The good work of Mutharika in making Malawi a food basket, presiding over economic reforms, installing fiscal discipline and strict anti-corruption measures, started to look bad. His Growth and Development Strategy for 2006-11 focusing on a number of things, also suffered a great deal when he quarreled with Malawi’s major donors, the UK and the US.

This year Mutharika started by telling off the World Bank and the IMF, that they can’t teach him economics, and denied them any access. By that time, cash-strapped Malawi was deep in an energy crisis, and tumbling down the hill. Hungry Malawians became very angry and Mutharika decided to use his police to fight them.

So, Mutharika, an economist-in-chief, then became just like any other useless leader, that is, irrational, autocratic, surrounding himself with “Yes Sir” people, making his wife and brother ministers, arresting people, and everything you can imagine of an irresponsible president.

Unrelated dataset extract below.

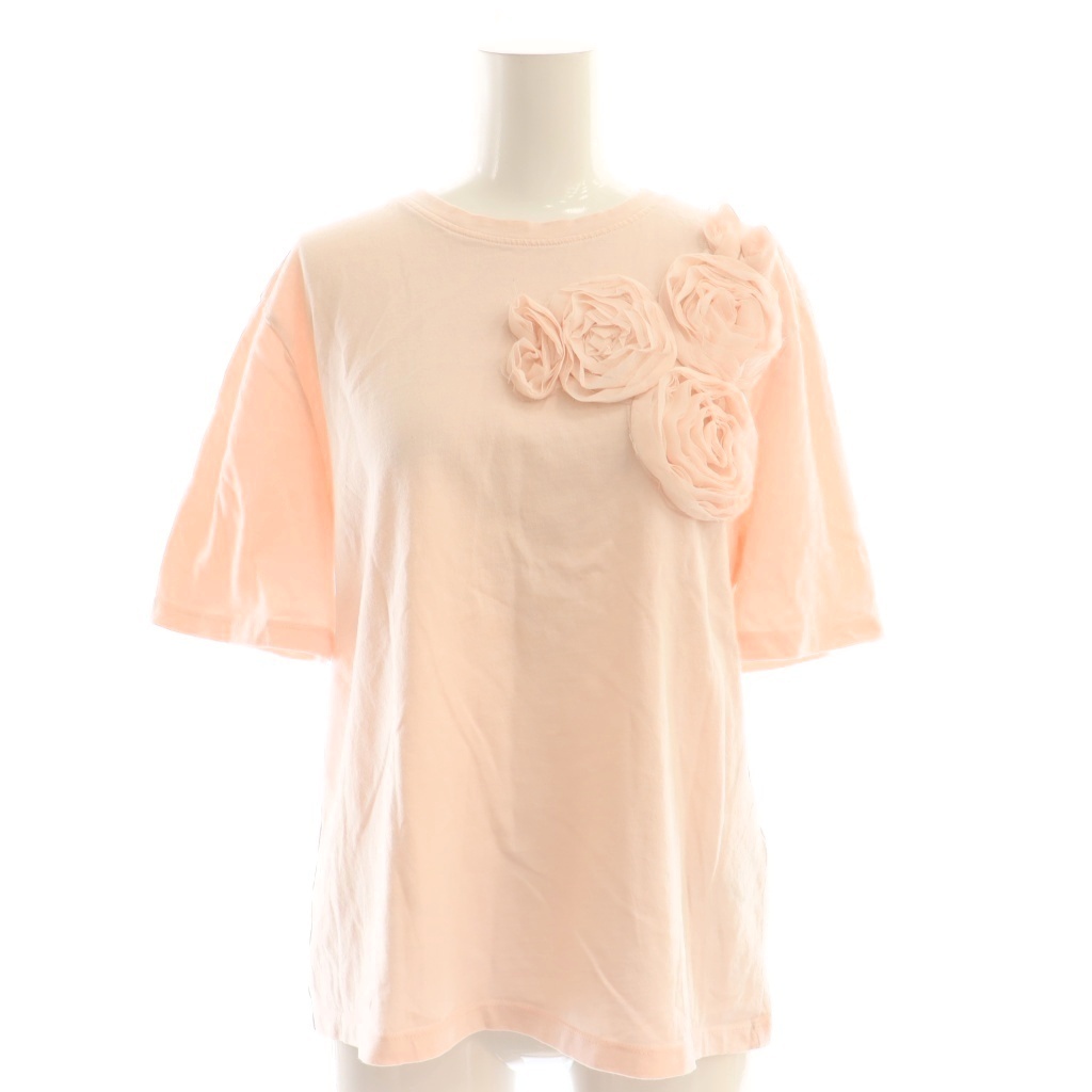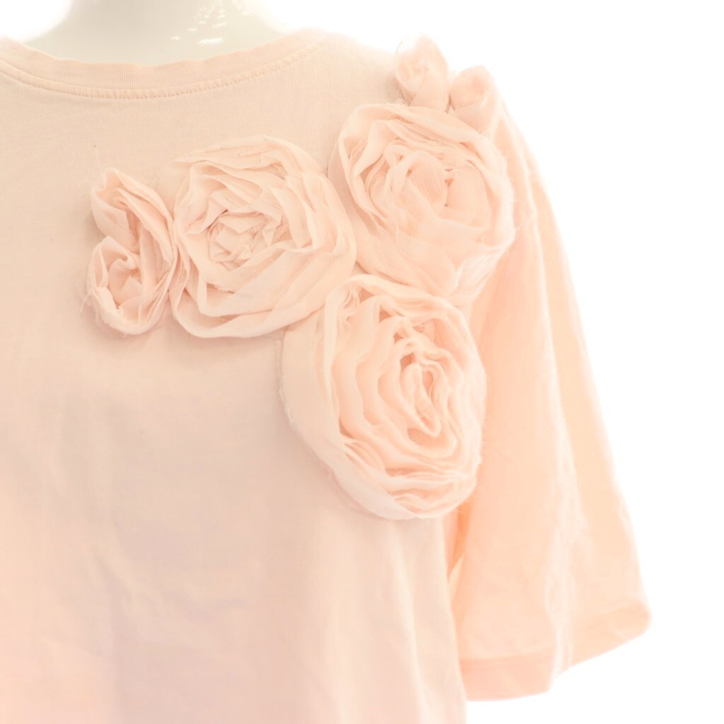 ザラ ZARA Tシャツ カットソー フラワーモチーフ 半袖 S ピンク /DF レディース

It was at this time that the self-proclaimed Nigerian prophet Temitope Balogun Joshua predicted that one old African leader would die of sickness. That was well in February and everybody ignored him. In March he repeated again, and suddenly, on April 5 Mutharika died.

What rich material for a documentary film for the African movie industry!
After a brief constitutional crisis in which Mutharika’s henchmen were trying to prevent the Vice President from ascending to power, her right according to the constitution, Madam Banda, the wife of the former Chief Justice, became the second African female president.

Speaking of a legacy, Mutharika, has left nothing valuable.